27. What was it like to spend your first night away from home?
Honestly, I don’t remember. Shocker, I know. I have vague recollections; nothing more. I remember sleeping on the pull out couch with Becky in her living room after playing the Clue VHS game until really late.
And I know we did that several times, and I know there were slumber parties in there somewhere, and I can’t remember a lick of them.
I know that one of the first times I went to Falls Creek, I got homesick and called home on the pay phones. I distinctly remember standing outside at the row of phones, waiting my turn, and then hearing the satisfactory sound of coins dropping into the slot and making the phone usable. I remember hearing their voices, and how good it made me feel to talk to them.
I don’t remember what we talked about.
I went to children’s camp too, and things like that, but Mom was a counselor or cook or something most of the time, and I didn’t have to be there by myself. I’m the same way. I don’t want to let Lenora go to camp without me. I’m overprotective, I guess.
I remember being scared my first night at college. I have always been a little frightened in the dark when I’m alone. I called Mom and Dad (again from the payphone) the next day or so and convinced them to come to Carmen for their 100th anniversary celebration that weekend. It was so nice of them to come. It was hard to be alone like that for the first time. I wasn’t as scared when my roommate came.

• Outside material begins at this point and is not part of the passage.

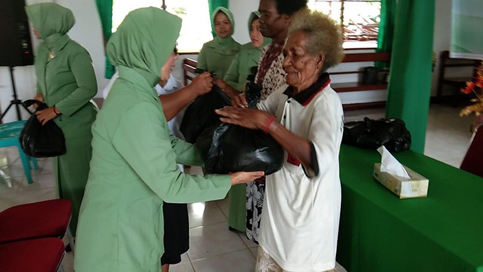 Babinsa Koramil 1704-08/Teminabuan Serma Soleman bersama anggota Persit Ranting 9 Koramil 1704-08/Teminabuan berbagi tali kasih dengan menyerahkan bingkisan sembako kepada warga jamaat di Gereja Teberias Seyolo Teminabuan.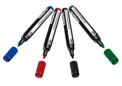 Универсальный маркер. Предназначен для работы по металлу, стеклу и другими поверхностям. Коническая ручка F, ширина линии 1,5 мм, водостойкие чернила.

When I moved to the apartment at the end of that summer, I was very scared there. I used to watch TV very late with Ben so he would fall asleep on the couch and I would have him there all night instead of him going back to his parents’ house. I knew it didn’t project the best image, but I was so scared!

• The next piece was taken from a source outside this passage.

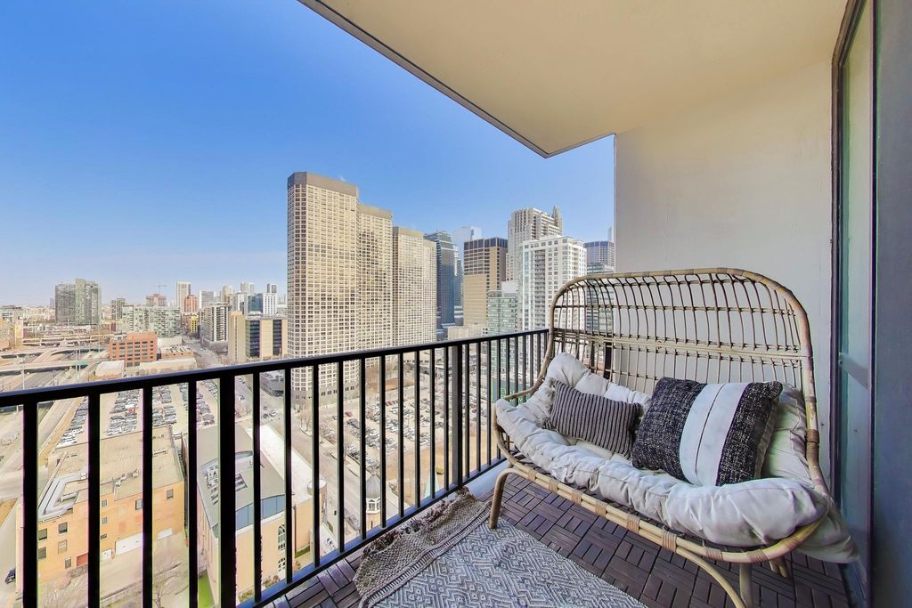 Welcome to this meticulously renovated 2 bed / 2 bath condo in Chicago's premier West Loop neighborhood, showcasing high-end, premium materials and elevated designer finishes far beyond the typical renovation, with sweeping city views and floor-to-ceiling windows. This upper-level residence features wide-plank premium white oak hardwood flooring throughout and a private balcony ideal for entertaining. The designer kitchen showcases a stainless steel appliance suite with double oven and gas range, Taj Mahal quartzite countertops, waterfall island, marble backsplash, pantry, and soft-close cabinetry. Both bathrooms have been elegantly updated. The primary bath offers travertine stone, heated bidet toilet, anti-fog mirror, and new vanity. The secondary bath features striking basalt tile and modern finishes. All with the added convenience of in-unit laundry. Deeded garage parking available for $25,000. Assessments include heat, A/C, and cable - everything except electricity. Full-service building with 24/7 door staff, fitness center, community room, storage, bike room, and dog run. Prime West Loop location near Union Station, Ogilvie, CTA Blue Line, Fulton Market, Restaurant Row, and Mary Bartelme Park.

I’m a little ashamed to admit that one of the big reasons I wanted to get married so early was because being alone at night was scary.
I don’t get so scared now, since there’s usually someone else here with me. I still don’t go into a room that’s dark…I always snake my arm around and hit the switch first. When I go out the car at night, I start back in by walking calmly…but about halfway back I get nervous and sometimes start walking quick or jogging to the door. If I have to put the chickens up at night and I can’t find a flashlight, I constantly imagine that someone/thing is going to snatch me up in the dark.
Now I’m scaring myself, and I’m sitting in the dining room in broad daylight…the clock says it’s 12:34; that’s kind of cool.
This wasn’t really about my first night away from home, but at least I’m back in business.